This project pursues a four-year research and education plan to develop a unified framework for distributed control with limited and potentially disrupted communication. This framework utilizes hybrid systems as the modeling tool of choice to combine physical continuous systems, event-based protocols, and real-time software. The project is focused on the specific needs of distributed control over communication networks. The algorithms developed are tested on two testbeds available at the University of California, Santa Barbara (UCSB): the ZEUS Surgical Robotic System and a wireless mobile robotic system.

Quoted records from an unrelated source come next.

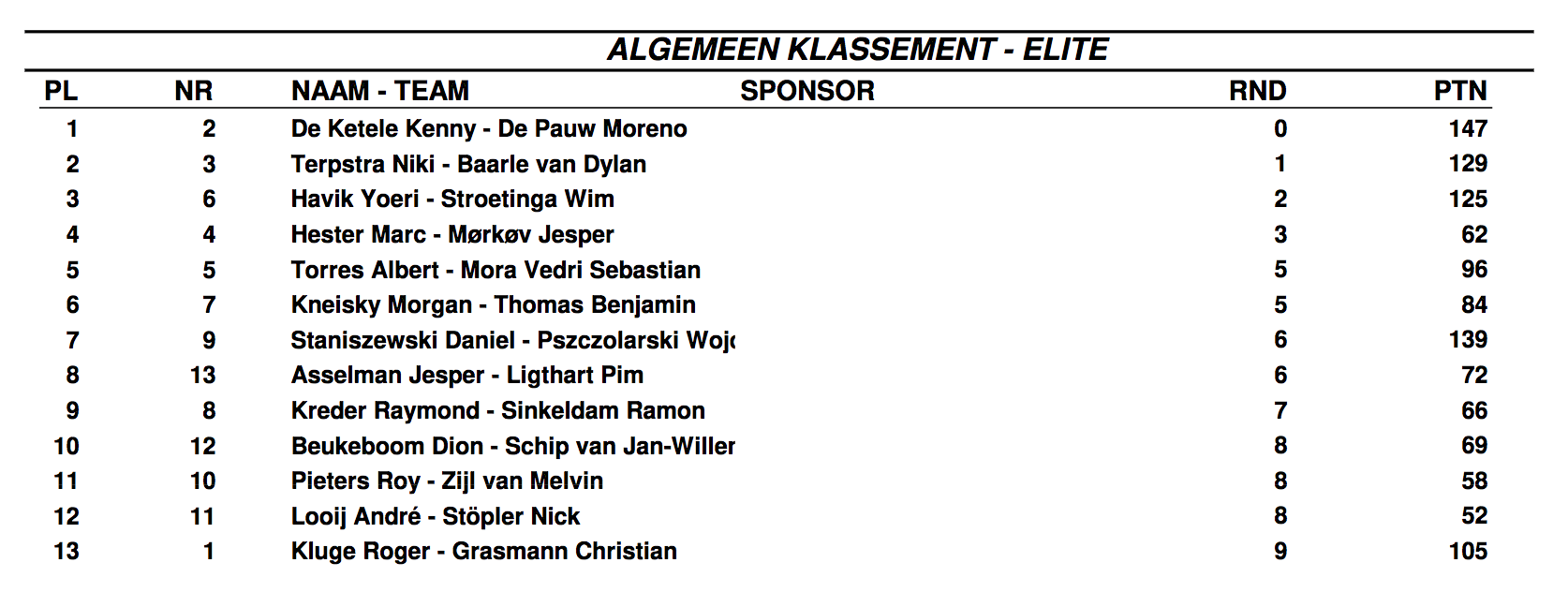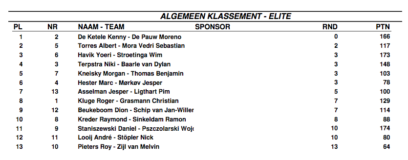Puntos: 1. Asselman/Ligthart 19 puntos 2. De Ketele/De Pauw 13, 3. Staniszewiski/Pszczolarski 13, 4. Kneisky/Thomas 13, 5. Pieters/Van Zijl 10, 6. Torres/Mora 6, 7. Hester/Mørkøv 5, 8. Terpstra/Van Baarle 4, 9. Beukeboom/Van Schip 3, 10. Looij/Stöpler 2, 11. Kluge/Grasmann 0, 12. Kreder/Sinkeldam 0, 13. Havik/Stroetinga 0
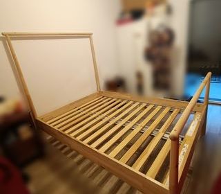Lit double en bois avec sommier à lattes. Structure stable en bois clair, sans matelas inclus. Parfait pour toute chambre ou chambre d'amis.
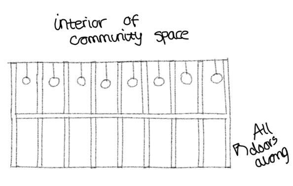 Above shows the floor plan of the structure and the main lay out of the community center itself. Its not a perfectly straight structure as it goes in and out along , this makes it unique compared to the research ideas as it incorporates the same idea but makes it a lot more different as it represents itself more differently
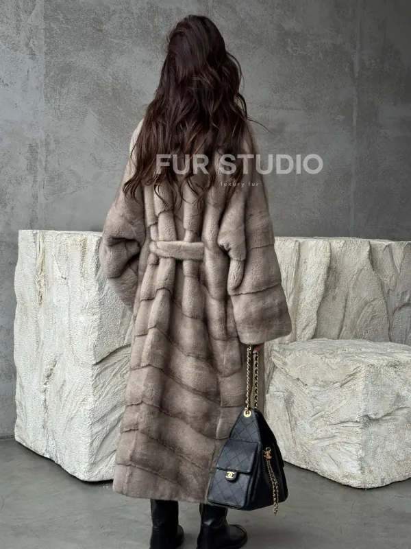 Удлинённая норковая шуба с поясом 102479

The research pursues significant extensions of hybrid systems theory to address issues specific to distributed control and communication. In particular, the following fundamental issues are investigated: Development of a theory for infinite-dimensional and functional hybrid systems, which is needed to deal with (possibly varying) communication and computation delays. Extension of hybrid systems theory to a stochastic setting, capable of capturing noise, uncertainty and randomization present in most physical systems and in communication/scheduling protocols. Application to two existing test-beds of these extensions of hybrid systems theory, in order to understand the practical needs of distributed control over communication networks.
Broader impacts resulting from the project
This project aims at producing rigorous tools to analyze and design distributed control systems that are fully integrated with the communication networks that support them. The emphasis is in the design of systems that are provably correct by construction, minimizing the need for brute force a posteriori validation. The ultimate goal of this research is the design of control systems that are reliable in a realistic (thus not perfect) networked world.
The tools and technologies developed are applied to two testbeds: the ZEUS Surgical Robotic System and a wireless mobile robotic system based on ActivMedia's PIONEER-2 wheeled robot. These testbeds provide the practical validation of the fundamental research as well as demonstrate the role of hybrid systems as an enabling technology to areas such as medicine and biology; scientific and industrial sensing and control; and the support of experimental apparatus for science.
This project has a strong educational component. Aside from providing funding for students pursuing PhD programs, new courses are added to UCSB's curriculum in the area of hybrid control systems. These courses are interdisciplinary, aimed at students in the areas of control, communications, signal processing, mechanical, and chemical engineering. The intended audience consists of graduate students early in their MS and PhD programs or senior undergraduate students. To this effect (and to facilitate the enrollment of students in different departments) the courses are mostly self-contained with minimal prerequisites. Undergraduate education is specifically addressed through curricular changes to increase awareness towards hybrid dynamics as well as the development of experiments for the College of Engineering Interdisciplinary Control Engineering Laboratory (ICE Lab). By exposing the students to research, it is expected to enhance the transition to industry of the technologies developed and encourage students to develop the rigorous and analytical thinking required for success in scientific research and also in a professional career in electrical engineering.
All the results, including papers, reports, and software are available freely to the research community through the world-wide-web. The course materials (including lecture notes, homeworks, laboratory materials, etc.) are also freely available to the academic community.